能力開発|目標管理面談(MBO面談)にコーチングを活用する ②使えるツールと面談のポイント
2024/12/19
前回に続いて目標管理面談でのコーチング活用についてご紹介します。
面談は「面会して直接話す」という社内コミュニケーションの重要な場であり、目的のあるコミュニケーションに有効なコーチングスキルを活かせる機会であります。面談は上司の考えを伝える場でもありますが、まずは部下の話を聴き、今の状況をどのように捉えているのか、これからどうしていきたいのか、それには何が障害や気がかりになっているのか、を問いかけ、それに合わせて共感や承認をしたり、上司から部下がどのように映っているのかのフィードバックをするなどの双方向のコミュニケーションが求められます。
よって、
・傾聴(バーバル、ノンバーバル、ペーシング、共感と関心)
・質問(オープンクエスチョン、クローズドクエスチョンなどの使い分け)
・承認
・フィードバック
・提案・要望
などのコーチングスキルを身に付けておくことと面談の質がぐっと高まります。今回は面談で有効なツールをご紹介します。
コーチングフロー
またスキルだけでなく面談の流れも予め戦略(フロー)を立てておくと「この時間何しゃべっていたっけ」という脱線することがなくなりますし、面談の目的を果たすことができます。
<MBO面談でのコーチングフロー>
1.面談のセットアップとアイスブレイク
2.扱う目標の確認と明確化
3.現状の明確化
4.望ましい状態の明確化
5.ギャップの明確化
6.具体的な行動の決定
7.面談の振り返り
8.フォローの決定
具体的なことは別途詳しくご紹介する予定です。
<面談に臨む前のフロー>
上司(面談者)が面談に臨む前のフローがあります。
・マネジメントで面談に取り組む意味を明確にする
↓
・1つ1つの面談に臨む目的を明確にする
↓
・面談の目的を満たす方法を見つける(自分に問いかける)
↓
・面談の目的を満たすスキルやツールを準備する
私の場合、社外コーチなので上司と部下間のMBO面談ではなく、離職防止や職場の問題解決を目的としたフォロー面談、メンタルケア面談を行うことがありますが、被面談者との面談が2回目以降の人は前回までどんな話をしたかを確認して臨むようにしています。
アセスメント
アセスメントと聞いてピンとこない人もいるかもしれませんが、いわゆるチェックシートです。その人が組織に求められる望ましい考え方や能力、態度・行動をチェックリストにし、部下の現状の棚卸しに使えます。ちなみにチェックリストは会社の行動様式(コアコンピテンシー)や例えば自社の営業方針で定められている営業社員の心構えといった予め出来上がっているものでもいいですし、MBO面談スタート当初に面談で上司と部下が一緒に考えてリスト化したセルフアセスメントならその人にマッチし、本人の意識もより高まるためより効果的です。

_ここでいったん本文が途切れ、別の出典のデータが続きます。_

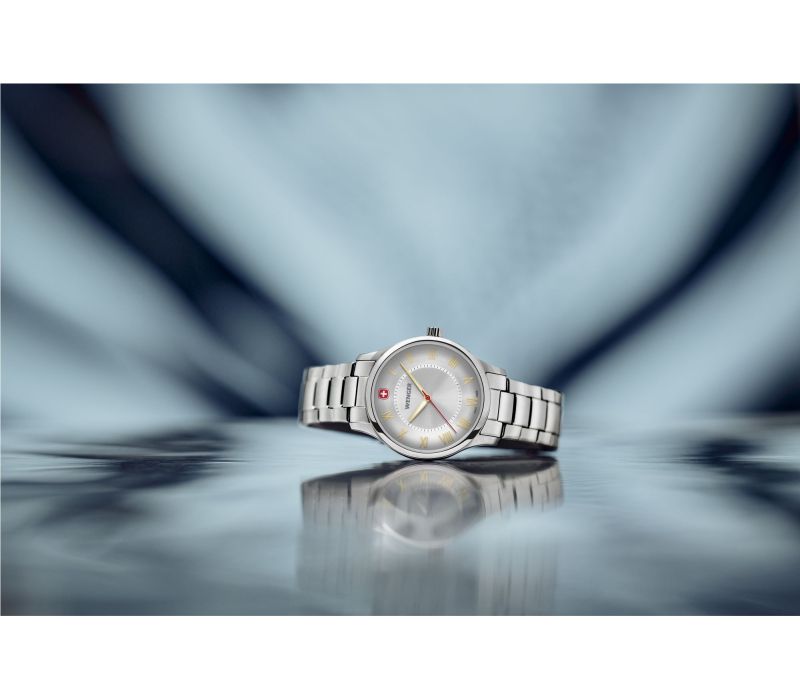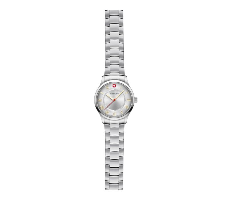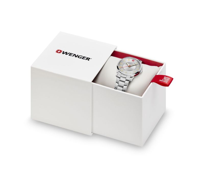 Класически дамски часовник с изчистени форми и римски цифри с верижката. Бял циферблат. Часовниците от тази серия на швейцарската марка WENGER придават стил и увереност на всяка дама - от заседателната зала до вечерята с рокля

使い方は、リストの項目1つずつをまずは自由に話し合うことが有効です。項目を全部満点にする、という指導ではなく、様々な視点から話を聴くことで部下が自分自身を客観的に振り返ることができるようになります。
<セルフアセスメントの例>
1 | 後輩や上司から頼られている | |||||||
2 | 逐一、聞かなくても発注・見積が出せる案件を増やしている | |||||||
3 | 心と体のバランスを考え、週一日は定時で帰っている | |||||||
4 | 自分に付くお客様を増やしている | |||||||
5 | 各工場とのコミュニケーションを密にとっている | |||||||
6 | 原価を意識した発注(値交渉等も)をしている | |||||||
7 | 現場での対応力をアップしている | |||||||
8 | 自信を持って説明ができている | |||||||
9 | ある程度の余裕を持って仕事をしている | |||||||
10 | 率先して情報共有できる環境を作っている |
MBO面談>目標設定をする場合
目標設定をする面談において課題となるのが下記の3つです。
・部下の目標に対するやる気をどうやって高めるか
・部下の持つ目標の達成水準をいかに適切に設定するか
・設定された目標に向かう行動イメージをいかに部下とともにつくっていくか
目標設定面談をする前提として、組織から提示するガイドラインについての理解や同意を部下から得られていることが必要となります。理想は、組織方針とそこから導かれる部下のミッションについて、個別面談の前に本人が理解している状態が望ましいです。
MBO面談>成果確認をする場合
成果確認面談をどのように構築していくかは、次の2パターンで分かれます。
①部下の成果が思わしくなかった
②部下が目標を達成した
①の場合、フィードバックを伝え、次期の目標設定に向けた足場づくりや成長や行動への承認などに焦点を置くことが有効です。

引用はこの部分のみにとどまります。